Guide Pratique pour vivre un excellent Goodwood Revival

Dans moins de 6 semaines les vacances et la trêve estivale seront loin derrière nous, la rentrée des classes sera faite avec la longue liste de courses pour de grands cahiers petits carreaux à spirale moyenne introuvables, mais surtout le week-end du 9 au 11 Septembre sera chargé en événements automobiles. Il y aura bien sûr le Concours d’Elégance de Chantilly par Peter Auto près de notre chère capitale, et en même temps de l’autre côté de la Manche, à une poignée d’heure de route et nage le Goodwood Revival ! Difficile de faire un choix, je vous l’accorde, mais pour moi ce week-end sera définitivement britannique : impossible de ne pas résister à l’incroyable voyage dans le temps que propose le Goodwood Road and Racing Club tous les ans depuis 1998.

Y étant allé à quelques reprises ces dernières années, les sollicitations de la part des copains souhaitant s’y rendre ne sont pas rares. Benjamin a ainsi eu la bonne idée de me demander de rédiger ces quelques lignes pour partager les bons tuyaux et ainsi optimiser au mieux votre expérience Revival. Si pour cette 20ème édition c’est peut-être un peu tard, il est temps de penser dès maintenant à celle de 2018 ! En tout cas, si il faut encore vous convaincre, voici les différents reportages réalisés au fil des ans.

Combien de temps rester sur place ?

La réponse est simple, aussi longtemps que possible, c’est-à-dire les 3 jours que durent l’événement, idéalement en arrivant dans le région le jeudi soir, pour en repartir le dimanche soir ou mieux le lundi matin. C’est grand, c’est beau, c’est magique, faites durer l’expérience aussi longtemps que possible sous peine de rester sur votre faim.

Les précieux sésames !

Chaque année le Goodwood Revival se déroule à guichets fermés, car pour ne pas gâcher la fête avec une fréquentation trop importante, Lord March préfère limiter le nombre de spectateurs journaliers tout en augmentant, peu à peu, le nombre de places en tribunes. Aussi, si vous êtes certains d’y aller, ne manquez pas les premiers jours d’ouverture de la billetterie, généralement début Novembre. Il est d’ailleurs possible de s’inscrire sur le site du GRRC pour recevoir une alerte par email à l’ouverture, et les billets mettant quelques semaines à arriver cela permet de faire un joli paquet sous le sapin de Noël.

Si vous avez déjà regardé la billetterie en ligne, le choix est vaste avec toutes sortes de package, combo et autres à des tarifs très divers.
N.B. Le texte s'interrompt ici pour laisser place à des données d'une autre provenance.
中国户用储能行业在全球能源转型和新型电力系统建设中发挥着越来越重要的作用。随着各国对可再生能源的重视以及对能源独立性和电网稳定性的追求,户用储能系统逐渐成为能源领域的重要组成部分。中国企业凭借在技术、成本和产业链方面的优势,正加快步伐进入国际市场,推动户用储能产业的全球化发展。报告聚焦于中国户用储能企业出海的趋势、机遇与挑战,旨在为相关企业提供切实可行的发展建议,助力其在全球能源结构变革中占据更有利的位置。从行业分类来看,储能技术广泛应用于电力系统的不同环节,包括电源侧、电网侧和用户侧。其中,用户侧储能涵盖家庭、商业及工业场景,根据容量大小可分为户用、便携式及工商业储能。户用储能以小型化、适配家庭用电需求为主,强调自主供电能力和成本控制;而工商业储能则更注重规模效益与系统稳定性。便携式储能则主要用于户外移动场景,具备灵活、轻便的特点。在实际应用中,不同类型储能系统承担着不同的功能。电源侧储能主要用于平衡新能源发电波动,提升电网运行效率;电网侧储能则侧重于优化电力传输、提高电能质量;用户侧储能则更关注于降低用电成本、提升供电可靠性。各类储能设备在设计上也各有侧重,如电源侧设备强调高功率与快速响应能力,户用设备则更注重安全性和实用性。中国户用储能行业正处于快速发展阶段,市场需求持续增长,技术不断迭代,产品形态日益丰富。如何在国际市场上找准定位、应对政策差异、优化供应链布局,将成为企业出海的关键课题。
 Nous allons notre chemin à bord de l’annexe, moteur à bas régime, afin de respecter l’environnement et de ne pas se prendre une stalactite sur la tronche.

L’idéal, à mes yeux, est de prendre un accès « general admission » pour les trois jours et d’y ajouter une place en tribune (Grandstand) pour le samedi. On reviendra plus tard sur une suggestion d’emploi du temps, mais la multitude de choses à voir combinée aux tarifs élevés pour les tribunes peuvent justifier ce choix. Pour les tribunes, un des meilleurs spots est sans conteste celles situées dans le virage de Woodcote et juste avant la Chicane, ce sont logiquement les plus prisées, ne traînez donc pas.


Où dormir ?

Un autre point sur lequel il ne faut pas traîner et essayer d’anticiper dès les dates connues (et votre décision d’y aller) : trouver un logement ! La région du Sussex est sublime, verdoyante et campagnarde. C’est agréable quand on s’y promène, un peu moins lorsque l’on chercher un lit pour le week-end d’un événement regroupant plus de 150.000 personnes…
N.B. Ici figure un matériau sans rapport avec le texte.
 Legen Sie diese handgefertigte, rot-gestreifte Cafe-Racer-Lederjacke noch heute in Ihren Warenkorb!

Tout est bon pour trouver : Bed&Breakfast, Hotel, Pub ou Airbnb pour ceux qui veulent un vrai lit. En commençant à chercher vous verrez qu’à proximité de Goodwood tout est complet d’année en année pour les dates clés (Members Meeting, FOS et Revival), il ne faut pas hésiter à élargir la recherche soit après Chichester du coté de la côte sud, de Worthing à Portsmouth en passant par l’incontournable Bognor Regis, soit plus dans les terres en remontant vers le Nord. N’ayez pas peur d’être à 45 min du circuit pour dormir, les trajets le soir et le matin font partie de l’ambiance avec des voitures anciennes absolument partout, des pubs décorés avec des gens en tenue d’époque, le Revival contamine toute la région pour le plus grand plaisir de tous. Les anglais sont passionnés de voitures anciennes et le partagent très bien.

Pour les plus roots il y a bien sûr la possibilité de camper, soit sur le campsite officiel du circuit, à l’extérieur des parkings visiteurs avec bien évidement des sanitaires en nombre. L’ambiance semble ultra festive, un peu comme au milieu des anglais aux 24h du Mans, les voitures d’avant-guerre côtoient les supercars et camping-cars ultra modernes, mais un point non négligeable reste la météo.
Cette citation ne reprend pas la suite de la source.